- Original title: 鼻 (Hana)
- Translator: Ivan Morris, Jay Rubin
- Country: Japan
- Language: Japanese

Publication
- Publisher: Shinshichō
- Media type: Print (Periodical and Paperback)
- Publication date: January 1916

= The Nose (Akutagawa short story) =

Short story by Ryūnosuke Akutagawa

The Nose (鼻, Hana) is a satirical short story by Ryūnosuke Akutagawa based on a thirteenth-century Japanese tale from the Uji Shūi Monogatari. "The Nose" was Akutagawa's second short story, written not long after "Rashōmon". It was first published in January 1916 in the Tokyo Imperial University student magazine Shinshichō and later published in other magazines and various Akutagawa anthologies. The story is mainly a commentary on vanity and religion, in a style and theme typical to Akutagawa's work.

==Translation==
Multiple translators have published "The Nose" in English, the most recent by Jay Rubin and published by Penguin Group.

==Plot summary==
Zenchi Naigu, a Heian period Buddhist priest, is more concerned with diminishing his overly long, dangling nose than he is with studying and teaching the sūtras. He pretends to ignore his nose in fear it will be mentioned, and studies religious texts in a desperate attempt to find a person with a nose like his. When in private, he constantly checks his nose in a mirror, hoping for even the smallest amount of shrinkage.
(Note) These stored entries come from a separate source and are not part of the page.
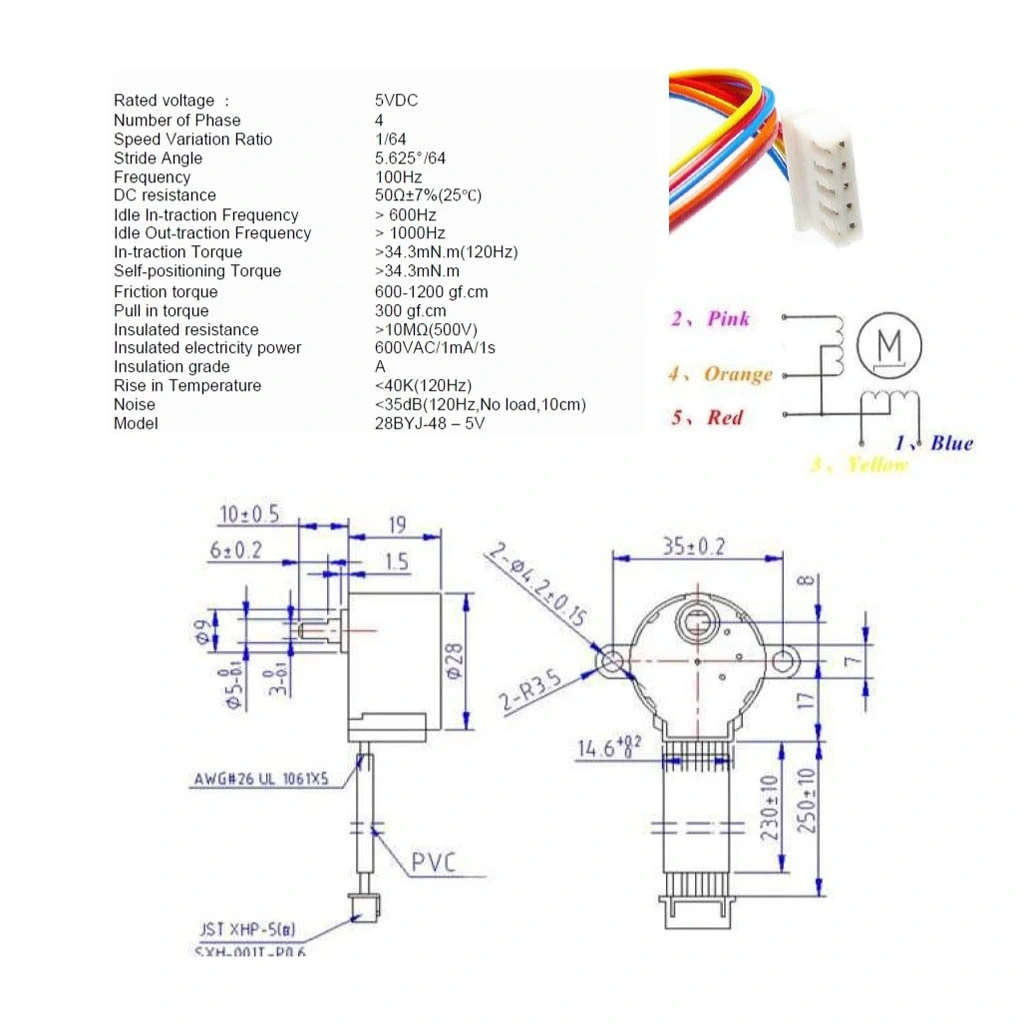 - Adım Sayısı: 32 adım/devir (iç rotor), 2048 adım/devir (redüktörlü çıkış)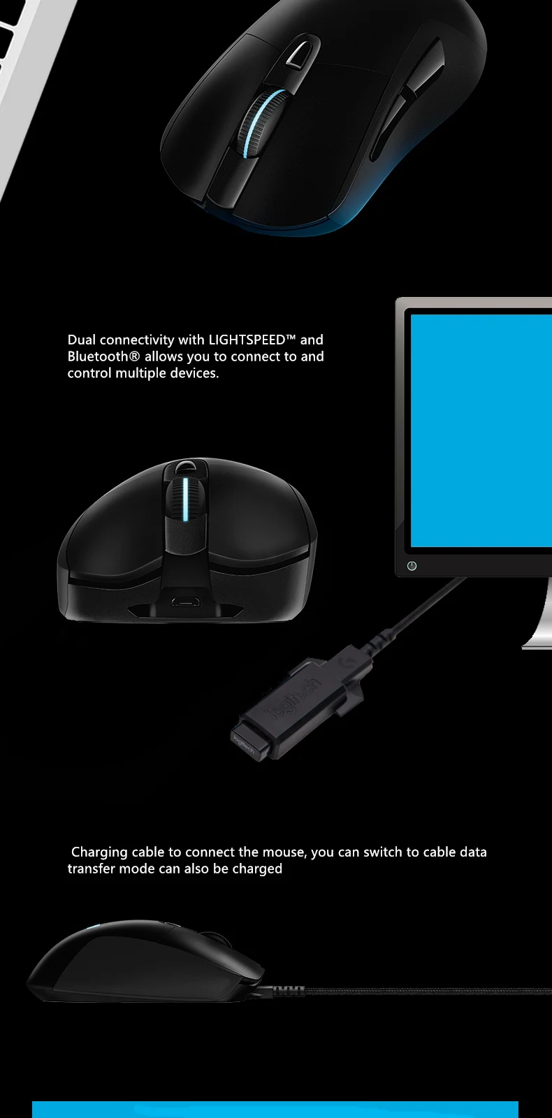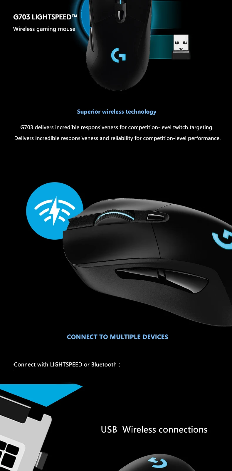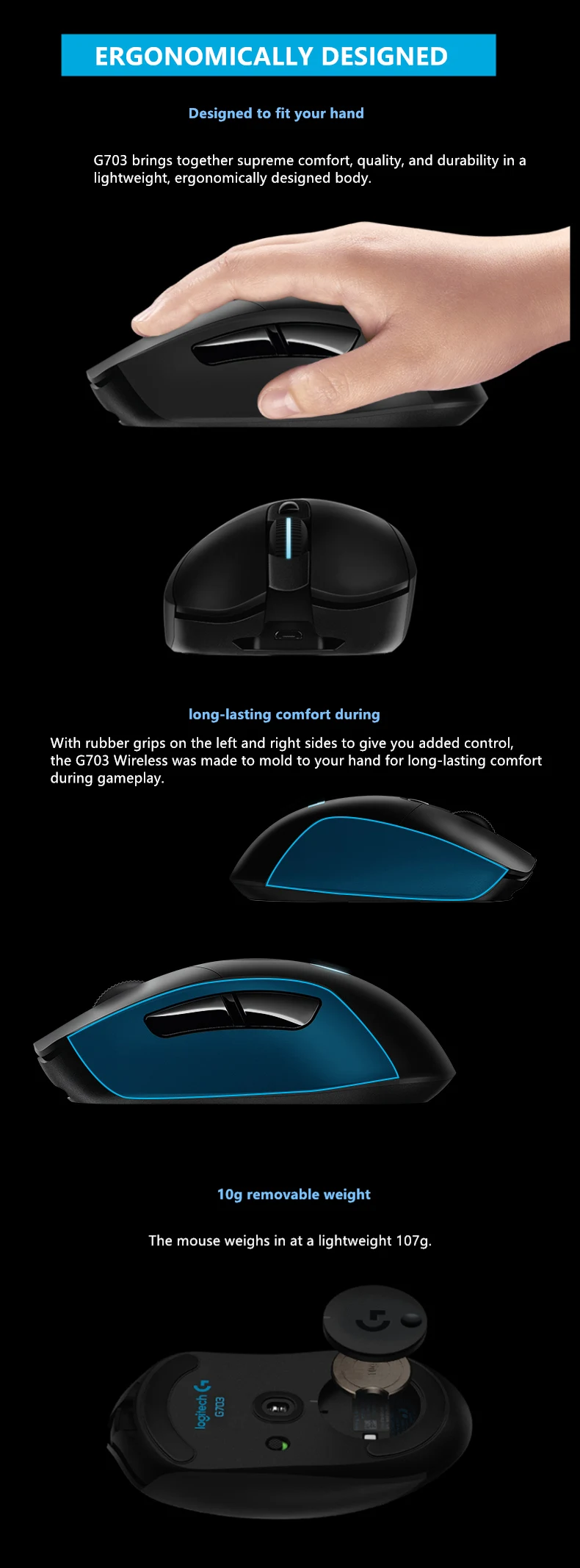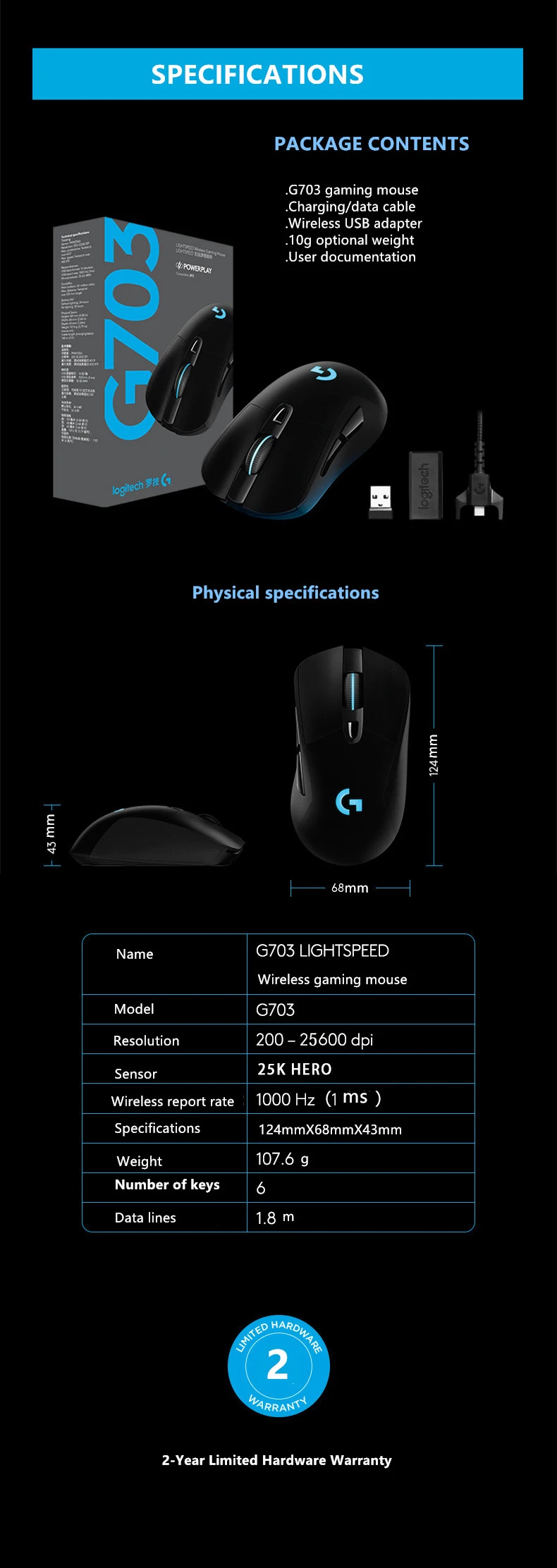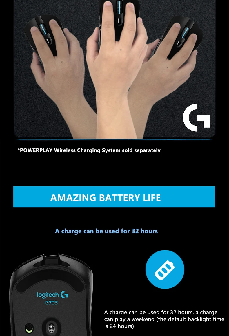 Logitech-ratón inalámbrico G703 HERO Sensor para videojuegos, dispositivo con 25600DPI, Lightspeed, POWERPLAY, Compatible con Windows, Mac OS, Chrome OS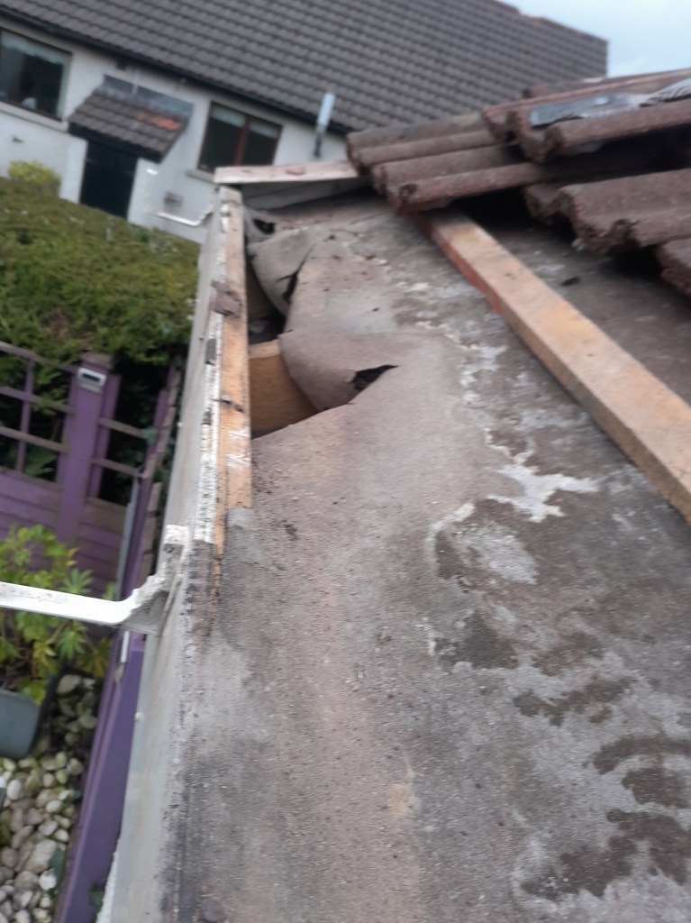 This customer had noticed that they could see day light through a small gap in the garage roof – on investigating I found that a section of the roof felt (at the eves) was in poor condition. I stripped back some tiles and was then able to make a repair using a eve tray slipped under the damage felt and screwed into place – a stitch in time !

One autumn, a disciple reveals he has learned a new technique to shrink noses from a friend, a Chinese doctor who has become a high-ranking priest at the Chōrakuji temple in Kyoto. At first, Naigu feigns disinterest, to appeal to the misconception that he is unconcerned with his nose, but eventually “gives in” to his disciple's insisting. The disciple first boils the nose, then stomps on it, finally removing the beads of fat the treatment extracts from the nose. To Naigu's satisfaction, the nose, once dangling past his chin, is now the size of a typical hooked nose.

Naigu, excited but nervous, sets about his weekly routines. He is surprised, however, to find the people he encounters laughing at him far more openly than they had before. Naigu becomes bitter and harsh, to the point where one disciple proclaims: “Naigu will be punished for treating us so harshly instead of teaching us Buddha’s Law”. People continue to laugh at Naigu for his vanity, until one day, Naigu wakes up, and to his relief and rejoicing, his nose has returned to its original length.

==Characters==
- Naigu
A Buddhist priest ascribed the “wisdom of zen”, his life is consumed with an obsession over his nose, which dangles past his mouth at about five or six inches. He looks through the scriptures to find reference of others with his peculiar predicament, but achieves no success. When he finds a method to shorten his nose, he becomes flippant when people laugh at his vanity. Eventually, when his nose grows back, he rejoices in his condition.
- Disciple
A follower of Naigu who informs his master of a method to shorten his nose. He later joins the others in his criticism of Naigu, upset that Naigu is more interested in his vanity than in teaching the scriptures.

==Major themes==
Akutagawa explores the themes of vanity and egotism in "The Nose". Naigu's vanity leads him to obsess only with his nose. This vanity eventually breeds disfigurement and a coldness from his peers, recognizing Naigu's egotism taking precedence over his religious studies and teaching. Instead of his status as a renowned priest, Naigu views his nose as the source of how society will judge him. As is typical with Akutagawa, these inherently modern psychological themes are directly injected into ancient stories and myth.

==Literary significance and reception==
Akutagawa gained much of his initial fame from "The Nose", one of his earliest works.

After reading "The Nose", the renowned writer Natsume Sōseki sent a letter to Akutagawa, praising his work:
	I found your piece ["The Nose"] very interesting. Sober and serious without trying to be funny. It exudes humor, a sure sign of refined taste. Furthermore, the material is fresh and eye-catching. Your style is well-published, admirably fitting.

The story was praised by Arkady Strugatsky who translated it into Russian in 1971.

===References to other works===
The story makes numerous references to the Buddhist scriptures, mentioning many characters from them, such as Mokuren, Sharihotsu, Ryūju, Memyō, and the Bodhisattvas.
It also makes reference to a Chinese story where the Chinese Shu Han emperor Liu Bei is said to have had long ears.

==References to actual geography==
The story makes reference to Chōraku-ji Temple, a Buddhist temple in Shimoda, Shizuoka where the story's Chinese doctor formerly became a high-ranking priest.

"The Nose" also makes reference to the Kyoto Imperial Palace, where Naigu is one of the few honored priests able to minister within the palace walls.